If you omit `--input_file`, the script exits with `SKILL_MISSING_INPUT`.

## Outputs

Expected output:

```text
<output_dir>/
├── km-plot.pdf
└── session_info.txt
```

## Interpretation Guide

- Use the survival figure to inspect separation between groups over time.
- Use the p-value annotation, confidence interval, and risk table in the figure to interpret group separation.

## Time Conversion Caution

- Automatic conversion is a convenience heuristic, not a unit detector.
- The script only checks whether `max(time) > 365`; it does not infer the true source unit from metadata.
- If the input time column is already expressed in years or months, run with `--auto_convert_days false`.
- Review the console log for the conversion warning whenever `time_unit` is `year` or `month`.

## Reproducibility Note

- Repeated runs on identical input should be analytically consistent.
- The exported `km-plot.pdf` may not be byte-identical across repeated runs because PDF metadata and graphics-device output can vary.
- If you need byte-stable artifacts, add a deterministic PDF post-processing step outside this skill.

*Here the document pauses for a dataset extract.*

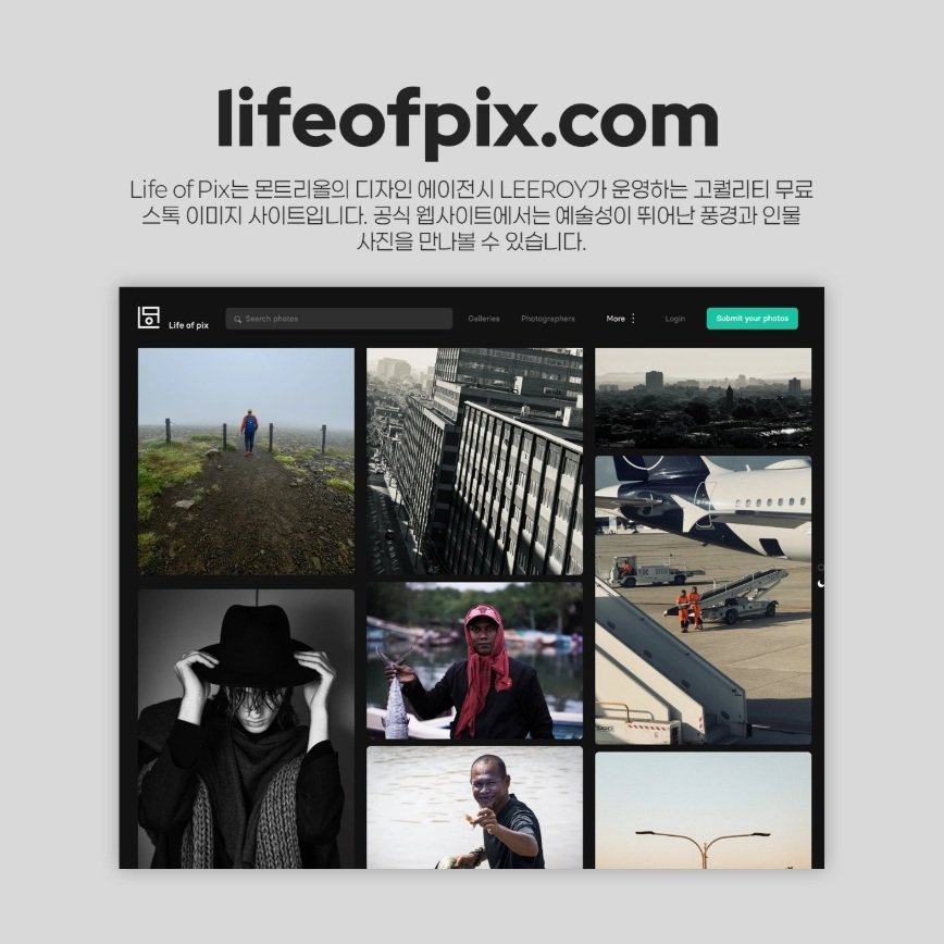 🔗라이프 오프 픽스 (lifeofpix.com) 일반적인 비즈니스용 사진보다는 예술적이고 감각적인 풍경 및 사물 사진이 많은 것이 특징

## Do Not Use This Skill When

- You need this tool to derive a cutoff or split a continuous score into risk groups.
- You need multivariable Cox regression, covariate adjustment, or hazard-ratio modeling beyond the p-value route already exposed here.
- You need a broader survival-analysis workflow with upstream feature engineering, biomarker selection, or data harmonization.
- You need multiple plots, report generation, or downstream interpretation beyond producing one Kaplan-Meier figure and session metadata.

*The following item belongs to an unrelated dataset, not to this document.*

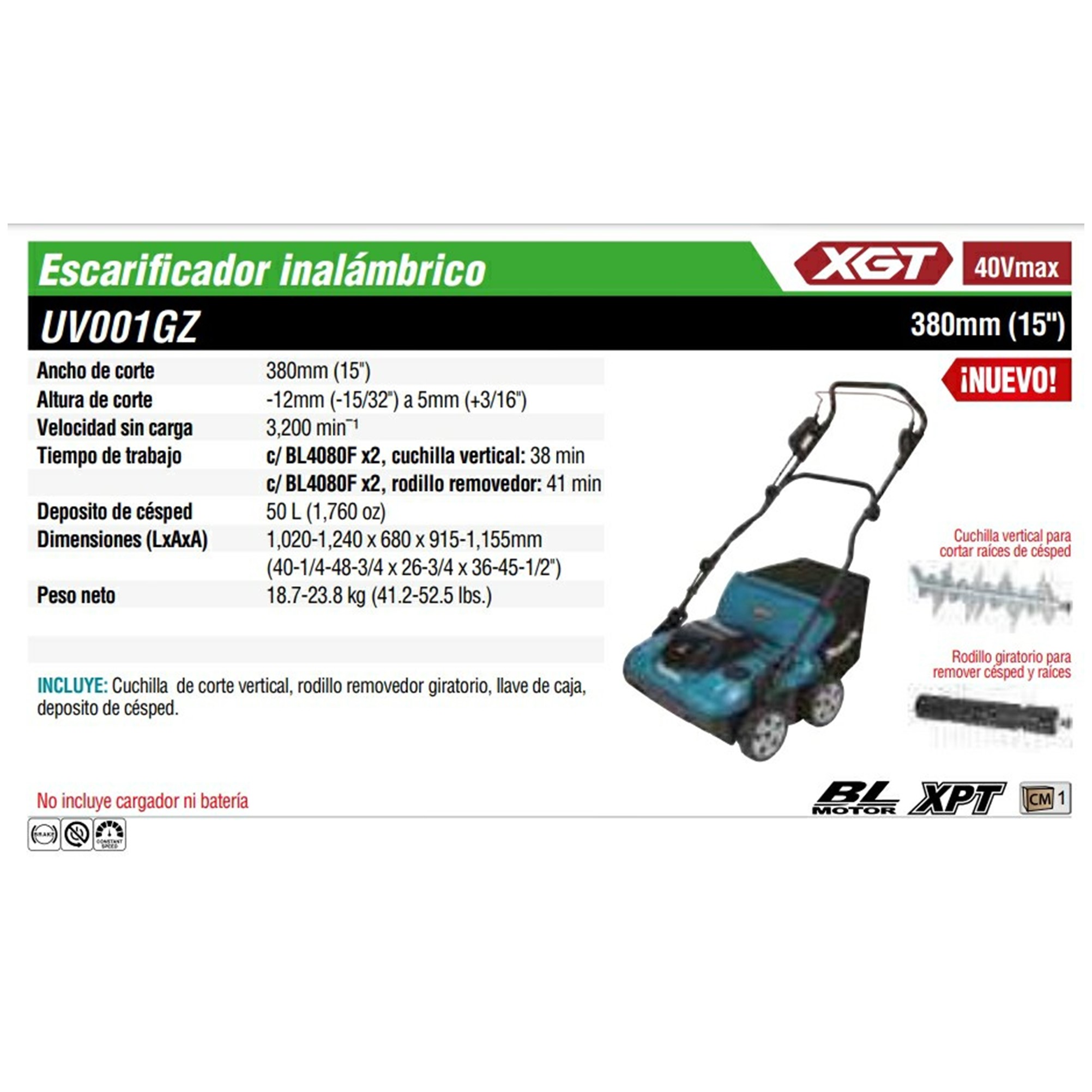 UV001GZ ESCARIFICADOR ANCHO CORTE 15″ 3,200 RPM S/BAT Y CARG 40V

## Read These Files When Needed

| Need | File |
|------|------|
| Kaplan-Meier method details and interpretation | `references/algorithm.md` |
| More CLI examples | `references/cli-guide.md` |
| Error diagnosis | `references/troubleshooting.md` |
| Main execution entry point | `scripts/main.R` |
| Sample test data | `tests/data/km_sample1.txt`, `tests/data/km_sample2.txt`, `tests/data/km_sample3.txt` |

## Quick Examples

Basic Kaplan-Meier analysis:

```bash
Rscript scripts/main.R \
  --input_file tests/data/km_sample1.txt \
  --output_dir tests/output_basic
```

Custom column names:

```bash
Rscript scripts/main.R \
  --input_file tests/data/km_sample1.txt \
  --time_col futime \
  --status_col fustat \
  --risk_col risk_group \
  --output_dir tests/output_custom_columns
```

Custom plot title:

```bash
Rscript scripts/main.R \
  --input_file tests/data/km_sample2.txt \
  --title_main "Study KM Curve" \
  --output_dir tests/output_title
```

Hide confidence interval and risk table:

```bash
Rscript scripts/main.R \
  --input_file tests/data/km_sample3.txt \
  --confidence_show false \
  --risk_table_show false \
  --output_dir tests/output_simple
```

## Validation

```bash
Rscript scripts/main.R --help
```

```bash
Rscript scripts/main.R \
  --input_file tests/data/km_sample1.txt \
  --output_dir tests/validation_output
```

After running analysis, verify that `tests/validation_output/km-plot.pdf` exists.

## Common Errors

- `SKILL_FILE_NOT_FOUND`: Input file path is wrong or inaccessible.
- `SKILL_MISSING_COLUMNS`: A requested time, status, or risk group column is missing.
- `SKILL_INVALID_DATA`: Input data is malformed or unsuitable for survival analysis.
- `SKILL_INVALID_DATA`: A continuous or near-unique risk column was supplied where a categorical group column is required.
- `SKILL_INVALID_PARAMETER`: An argument value is invalid.
- `SKILL_INVALID_PARAMETER`: Plotting options such as `--line_type` or `--line_colors` are incompatible with the retained groups.
- `SKILL_INSUFFICIENT_DATA`: Too few complete observations remain after filtering.
- `SKILL_DEPENDENCY_MISSING`: A required R package such as `optparse` or `survival` is unavailable.

If the issue is not obvious, read `references/troubleshooting.md`.